Lucid and Lighthouse, a pair of phishing-as-a-service platforms, have been linked to over 17,500 phishing domains targeting 316 brands in 74 countries. These services offer fraudsters custom phishing templates, real-time victim tracking, and delivery options based on device type, browser, and IP geolocation, making their scams harder to detect and block.
Lucid’s smishing capabilities (via iMessage and RCS) and Lighthouse’s template flexibility show how phishing tools are becoming turnkey solutions for attackers. Some kits even display fake storefronts to unintended visitors to keep operations covert. Annual subscriptions run up to $1,588, with impersonation kits covering postal services, government agencies, and crypto wallets like MetaMask and Phantom.
Risks to watch:
- Chrome extension spoofing to drain wallets
- EmailJS used to steal credentials and 2FA codes
- Scams requiring crypto deposits to “unlock” tasks or benefits
Phishing infrastructure is scaling fast. These kits show just how commoditized and targeted modern phishing has become.
2. National Consumer Groups Push for Tougher Fraud Protections

At a recent U.S. House hearing on payment fraud, Carla Sanchez-Adams of the National Consumer Law Center made it clear: payment fraud is a national crisis and current protections aren’t enough.
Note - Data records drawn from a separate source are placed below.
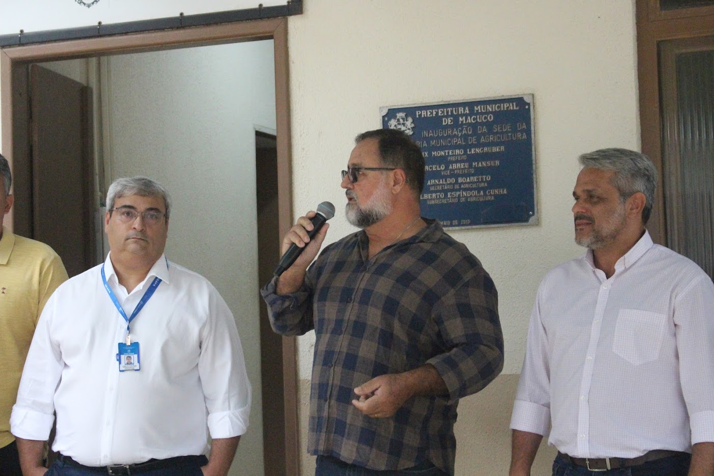 Paulo Sérgio Daflon, secretário de Agricultura de Macuco, discursa entre o subsecretário estadual Felipe Brasil e o superintendente Paulo Henrique Moraes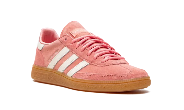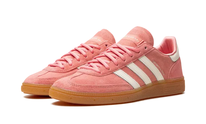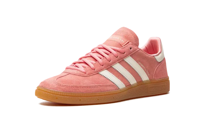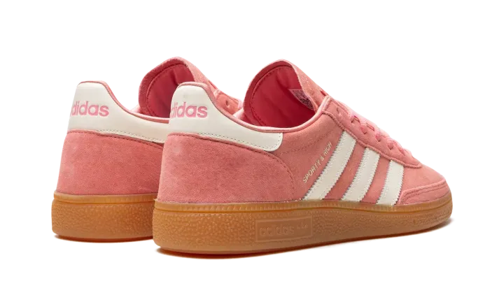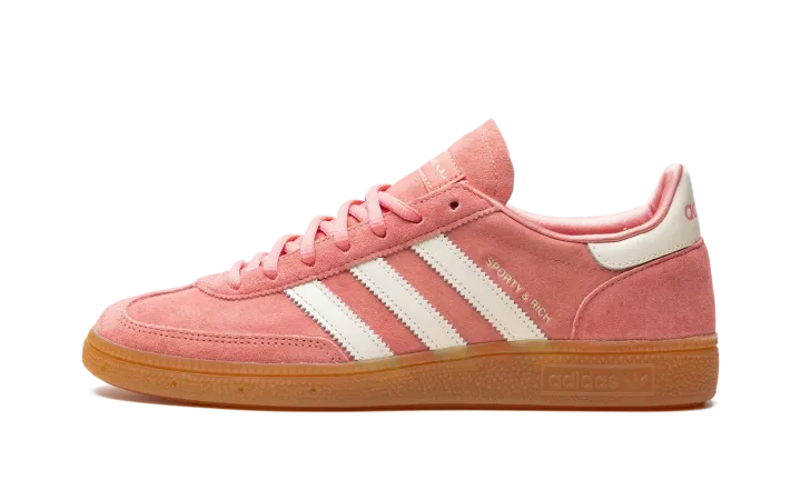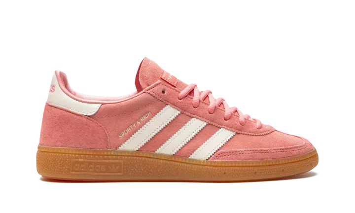 The Sporty & Rich x adidas Handball Spezial "Pink/White" is a collaboration by Emily Oberg's sportswear brand and adidas on a colorway of the classic sneaker. One of several adidas Handball Spezial collaborations by Sporty & Rich, the "Pink/White" features a Panton or Pink suede construction with white leather Three Stripes branding on the sides. A white "Sporty and Rich" logo is located on the lateral side of the midfoot. Dual "adidas" and "Sporty and Rich" detailing is found on the tongue, while a pink "adidas" logo appears on the white leather heel tab. Underfoot, a classic-looking gum rubber sole completes the look.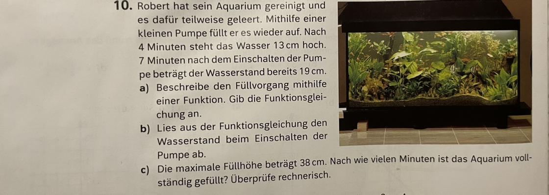 Роберт почистил свой аквариум и частично его опорожнил. Он снова наполняет его с помощью небольшого насоса. Через 4 минуты высота воды поднимется на 13 см. Через 7 минут после включения насоса уровень воды уже 19 см.

With $12.5 billion in reported consumer fraud losses in 2024 alone (and likely much more unreported), she called for stronger legal and technical safeguards across the financial system.
Key areas of concern:
- Peer-to-peer apps, crypto platforms, wire transfers, and EBT skimming are increasingly abused by scammers.
- Vulnerable groups, including older Americans and low-income communities, are hit hardest and often struggle to recover.
Sanchez-Adams urged Congress to close protection gaps, hold both sending and receiving institutions accountable, and modernize outdated laws. She also called for interagency data sharing and tighter oversight of telecom and social platforms, which are often exploited to deliver scam messages.
As we've seen in past FIF issues, payments fraud is becoming a systemic risk. Congress and regulators are finally acknowledging the scope of the problem, but so far, there’s more talk than teeth. For fraud leaders, that means continuing to build layered defenses, because legislative help still isn’t arriving fast.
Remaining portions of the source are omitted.